What the exercise asks. With pictures left out, set down every record word for word.

Supplied information.
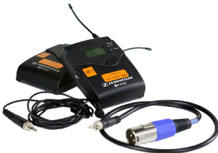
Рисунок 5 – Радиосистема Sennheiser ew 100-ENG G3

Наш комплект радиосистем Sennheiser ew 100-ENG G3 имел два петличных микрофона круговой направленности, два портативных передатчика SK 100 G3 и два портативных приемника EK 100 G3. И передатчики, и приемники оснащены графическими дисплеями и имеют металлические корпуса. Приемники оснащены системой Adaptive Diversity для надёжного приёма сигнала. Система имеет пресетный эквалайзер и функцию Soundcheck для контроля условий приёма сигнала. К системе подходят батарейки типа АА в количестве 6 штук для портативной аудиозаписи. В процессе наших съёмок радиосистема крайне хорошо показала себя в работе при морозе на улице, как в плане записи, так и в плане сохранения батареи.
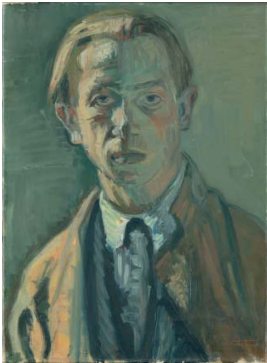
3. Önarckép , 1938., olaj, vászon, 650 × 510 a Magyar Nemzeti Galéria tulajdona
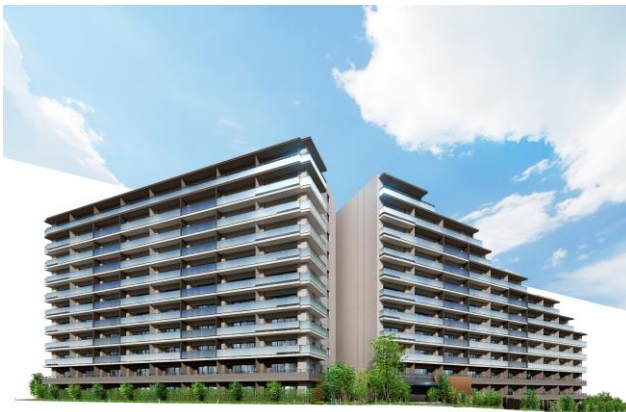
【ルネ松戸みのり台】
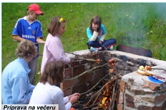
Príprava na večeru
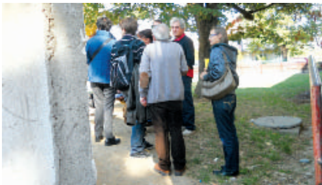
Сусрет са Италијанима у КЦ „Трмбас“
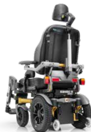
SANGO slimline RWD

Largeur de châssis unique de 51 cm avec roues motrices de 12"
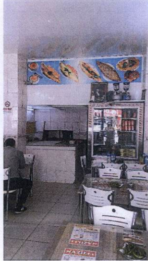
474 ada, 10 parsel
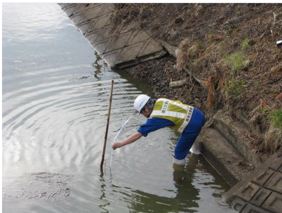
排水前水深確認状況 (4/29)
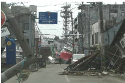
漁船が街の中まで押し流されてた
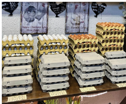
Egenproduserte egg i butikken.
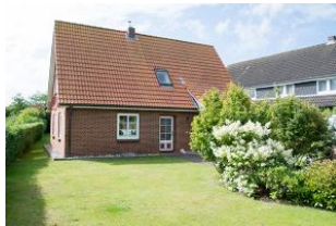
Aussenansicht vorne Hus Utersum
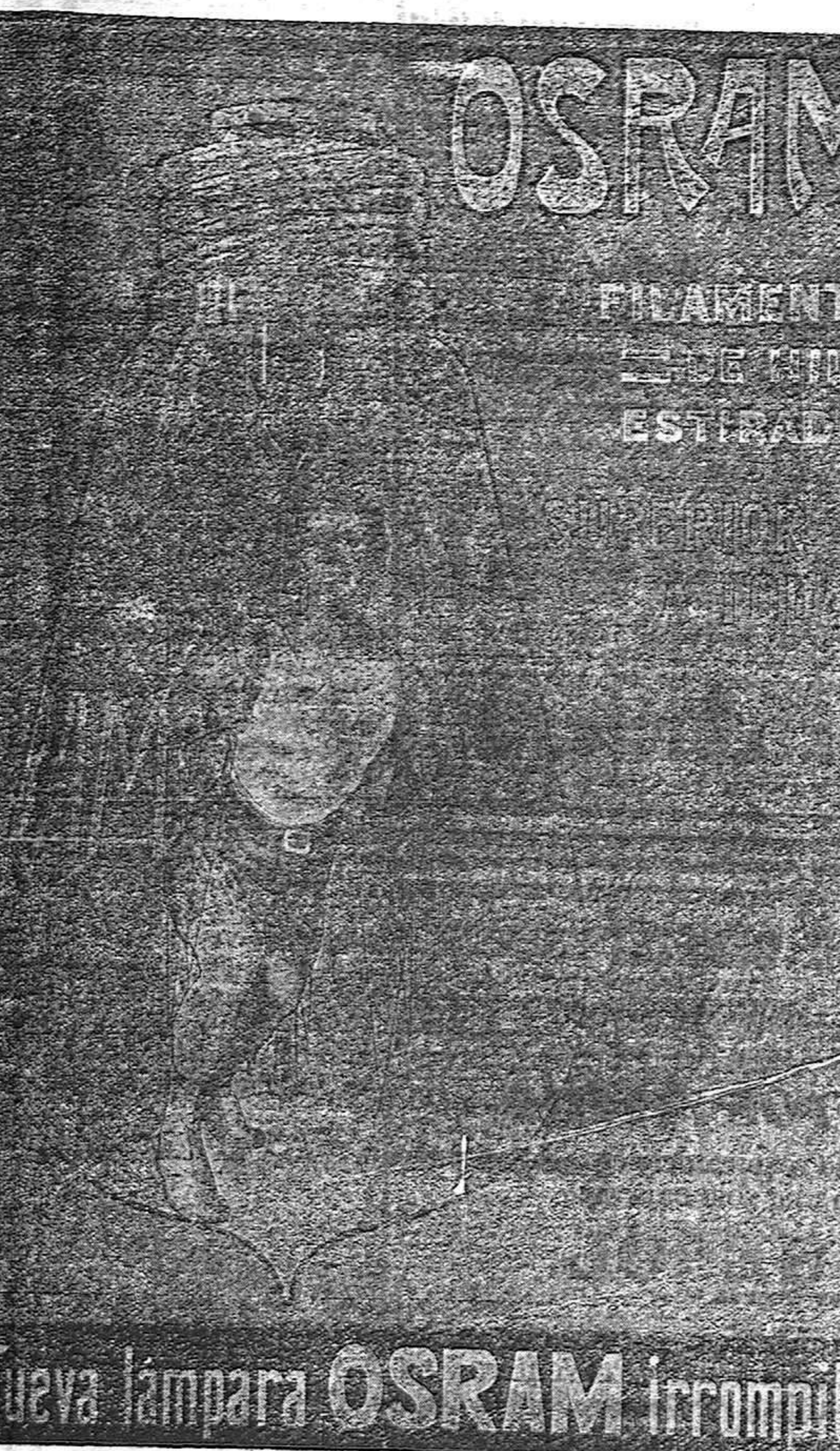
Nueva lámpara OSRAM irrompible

Result for this exercise.
Рисунок 5 – Радиосистема Sennheiser ew 100-ENG G3

Наш комплект радиосистем Sennheiser ew 100-ENG G3 имел два петличных микрофона круговой направленности, два портативных передатчика SK 100 G3 и два портативных приемника EK 100 G3. И передатчики, и приемники оснащены графическими дисплеями и имеют металлические корпуса. Приемники оснащены системой Adaptive Diversity для надёжного приёма сигнала. Система имеет пресетный эквалайзер и функцию Soundcheck для контроля условий приёма сигнала. К системе подходят батарейки типа АА в количестве 6 штук для портативной аудиозаписи. В процессе наших съёмок радиосистема крайне хорошо показала себя в работе при морозе на улице, как в плане записи, так и в плане сохранения батареи.
3. Önarckép , 1938., olaj, vászon, 650 × 510 a Magyar Nemzeti Galéria tulajdona
【ルネ松戸みのり台】
Príprava na večeru
Сусрет са Италијанима у КЦ „Трмбас“
SANGO slimline RWD

Largeur de châssis unique de 51 cm avec roues motrices de 12"
474 ada, 10 parsel
排水前水深確認状況 (4/29)
漁船が街の中まで押し流されてた
Egenproduserte egg i butikken.
Aussenansicht vorne Hus Utersum
Nueva lámpara OSRAM irrompible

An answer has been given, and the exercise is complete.